How to design a narrow band pass filter without DSP toolbox

Question

I've two signals X and Y. These are proximity sensors reading measuring vibrations of a rotating shaft. Now I want to plot orbit plots for these signals. I can plot unfiltered orbits with just X and Y. But since there is lot of noise in the signal I filtered it. Now there are dominant 1X frequency component and may be other sub frequency components. I want to plot the filtered orbit of 1X say 656 Hz. The sampling frequency I used is 1000000 Hz. I know band pass filter could give me only the 1X component. But I don't have DSP toolbox. Could someone help me how to design and implement narrow band pass filter without toolbox. Any suggestion or hints or idea would be helpful. Thanks in advance.

Answer 1

The steps that I would follow to handcraft a bandpass filter are these:

1. Figure out how wide (in Hz) you want the filter to be.
2. Create a low-pass filter with half the one-sided bandwidth as your desired filter bandwidth. You can calculate the sinc function with basic functions, since $sinc(x) = \frac{sin(\pi x)}{\pi x}$. You can adjust the bandwidth by adjusting the time scale in your sinc function. If n is the set of all integers between -N and N, inclusive, and you make your filter taps equal to $sinc(bn)$, then the filter's normalized bandwidth will be equal to $b$.
3. Modulate the lowpass filter to the center frequency you want for your bandpass filter. You do that by multiplying it, element by element, with a sine wave of that frequency.

Answer 2

Assuming 2 MHz sampling rate, by just simple addition of every 20 samples you get a low pass filter that will keep the noise down and will still allow you to recover every problem related to the 38K RPM source signal which you could cope with successfully since 100K is maintaining the Nyquist requirements.

Answer 3

If you'd like to design IIR, use pole-zero placement method. That's what people used before dsp toolboxes emerged.

Answer 4

A crude approach do design an IIR filter for a single frequency $\omega, 0 \le \omega \le 1$ would be as follows:

• Placing poles at $ \exp(\pm j \pi \omega)$ would give infinite gain for that frequency, so move them "a bit" inside to a radius $< 1$, say, $r$.

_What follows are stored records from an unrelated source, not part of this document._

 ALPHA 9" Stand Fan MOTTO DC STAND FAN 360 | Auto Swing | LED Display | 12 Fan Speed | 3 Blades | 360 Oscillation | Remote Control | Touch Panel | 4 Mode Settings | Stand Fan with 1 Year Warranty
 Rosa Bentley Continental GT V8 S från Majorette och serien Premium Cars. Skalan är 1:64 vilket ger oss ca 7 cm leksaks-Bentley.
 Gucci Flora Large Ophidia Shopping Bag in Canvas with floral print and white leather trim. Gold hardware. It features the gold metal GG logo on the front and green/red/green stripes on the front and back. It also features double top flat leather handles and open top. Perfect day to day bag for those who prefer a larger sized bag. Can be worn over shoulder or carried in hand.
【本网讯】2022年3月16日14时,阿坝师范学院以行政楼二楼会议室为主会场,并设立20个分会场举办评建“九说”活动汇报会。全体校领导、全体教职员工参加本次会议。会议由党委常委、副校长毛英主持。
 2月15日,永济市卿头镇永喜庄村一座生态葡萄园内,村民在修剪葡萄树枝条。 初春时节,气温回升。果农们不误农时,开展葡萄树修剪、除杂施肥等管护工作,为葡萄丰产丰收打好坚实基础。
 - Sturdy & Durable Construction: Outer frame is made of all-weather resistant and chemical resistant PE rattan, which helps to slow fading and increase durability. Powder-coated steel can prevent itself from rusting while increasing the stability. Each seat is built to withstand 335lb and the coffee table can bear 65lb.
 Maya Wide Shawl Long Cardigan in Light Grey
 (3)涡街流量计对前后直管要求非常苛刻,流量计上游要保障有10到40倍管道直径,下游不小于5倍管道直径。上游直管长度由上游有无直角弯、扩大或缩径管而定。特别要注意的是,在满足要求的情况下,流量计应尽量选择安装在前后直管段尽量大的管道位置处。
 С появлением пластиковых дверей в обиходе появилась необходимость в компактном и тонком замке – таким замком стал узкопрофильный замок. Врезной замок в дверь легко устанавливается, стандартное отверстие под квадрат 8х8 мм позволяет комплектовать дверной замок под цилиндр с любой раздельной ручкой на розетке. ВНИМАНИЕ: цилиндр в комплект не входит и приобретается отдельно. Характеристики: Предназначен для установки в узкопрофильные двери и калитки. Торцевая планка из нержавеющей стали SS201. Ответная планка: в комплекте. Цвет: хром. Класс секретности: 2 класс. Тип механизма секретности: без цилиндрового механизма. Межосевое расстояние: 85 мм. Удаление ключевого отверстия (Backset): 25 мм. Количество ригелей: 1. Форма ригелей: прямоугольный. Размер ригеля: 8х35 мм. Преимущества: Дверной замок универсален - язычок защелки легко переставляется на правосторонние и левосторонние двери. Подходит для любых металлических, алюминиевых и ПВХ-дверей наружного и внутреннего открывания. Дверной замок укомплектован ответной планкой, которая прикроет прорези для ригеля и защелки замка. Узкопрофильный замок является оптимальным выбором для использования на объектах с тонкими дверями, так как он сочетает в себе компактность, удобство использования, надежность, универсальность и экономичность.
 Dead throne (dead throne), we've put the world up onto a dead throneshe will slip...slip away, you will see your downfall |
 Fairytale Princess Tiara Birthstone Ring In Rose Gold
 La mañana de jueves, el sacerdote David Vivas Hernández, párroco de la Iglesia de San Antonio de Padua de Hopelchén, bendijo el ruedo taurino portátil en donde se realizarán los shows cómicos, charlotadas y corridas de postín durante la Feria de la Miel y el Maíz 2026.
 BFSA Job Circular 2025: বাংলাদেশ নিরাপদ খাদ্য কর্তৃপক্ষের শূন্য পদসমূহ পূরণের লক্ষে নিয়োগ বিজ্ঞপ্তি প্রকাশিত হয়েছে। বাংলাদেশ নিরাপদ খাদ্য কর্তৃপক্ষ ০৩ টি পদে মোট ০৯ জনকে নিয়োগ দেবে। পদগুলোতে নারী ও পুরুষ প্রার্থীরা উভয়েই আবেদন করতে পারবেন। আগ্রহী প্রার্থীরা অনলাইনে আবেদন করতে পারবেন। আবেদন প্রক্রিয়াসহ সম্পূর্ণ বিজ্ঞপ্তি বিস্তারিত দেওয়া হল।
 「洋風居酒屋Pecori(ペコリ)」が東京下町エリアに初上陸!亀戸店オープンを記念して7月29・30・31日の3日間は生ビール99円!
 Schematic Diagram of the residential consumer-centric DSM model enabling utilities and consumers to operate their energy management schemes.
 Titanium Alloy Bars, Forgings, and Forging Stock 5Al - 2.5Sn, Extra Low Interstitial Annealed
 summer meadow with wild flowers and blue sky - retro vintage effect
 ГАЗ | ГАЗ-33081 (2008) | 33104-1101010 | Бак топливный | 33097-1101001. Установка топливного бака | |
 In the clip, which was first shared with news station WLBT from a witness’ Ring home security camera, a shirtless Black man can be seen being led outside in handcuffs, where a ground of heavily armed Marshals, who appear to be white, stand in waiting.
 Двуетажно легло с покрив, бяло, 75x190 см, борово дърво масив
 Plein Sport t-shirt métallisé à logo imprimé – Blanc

• Place zeros at $\pm 1$ to "guarantee" a bandpass filter

• Place zeros at other positions on the unit circle to increase the attenuation

• Figure out the gain at $\omega$, where it would/should be the highest, and compensate for that

For your example:

omega = 656/(1000000)/2;
r = 0.99;
b = conv([1 -1], [1 1]);
a = conv([1 -r*exp(j*pi*omega)],[1 -r*exp(-j*pi*omega)]);

will form a start. Considering that the 1X frequency is rather low, you could add a number of zeros at some higher frequencies:

zerof = 0.1; % Corresponding to 50000 Hz
b = conv(b, conv([1 -exp(j*pi*zerof)],[1 -exp(-j*pi*zerof)]));
zerof = 0.5; % Corresponding to 250000 Hz
b = conv(b, conv([1 -exp(j*pi*zerof)],[1 -exp(-j*pi*zerof)]));

and multiple poles at the wanted frequency;

a = conv(a,a);

Once you are happy, you just need to figure out the gain and compensate for that.

This filter has about 80 dB attenuation for frequencies of 50000 Hz and higher (as someone pointed out, the sampling frequency is really high if correct).

Answer 5

If you know how to design and apply Kaiser window, i would aim for a brickwall bandpass that might have (symmetrical and non-causal) impulse response

$$ h[n] = \cos(\omega_0 n) \cdot \frac{\sin(\omega_1 n/2)}{\omega_1 n/2} \quad \forall n \in \mathbb{Z} $$

assuming $0 < \omega_1 < \omega_0$, the bandedges should be at $\omega_0 \pm \omega_1$. the number of samples of $h[n]$ to keep and the "$\beta$ factor" for the Kaiser window would be things you have to fiddle with.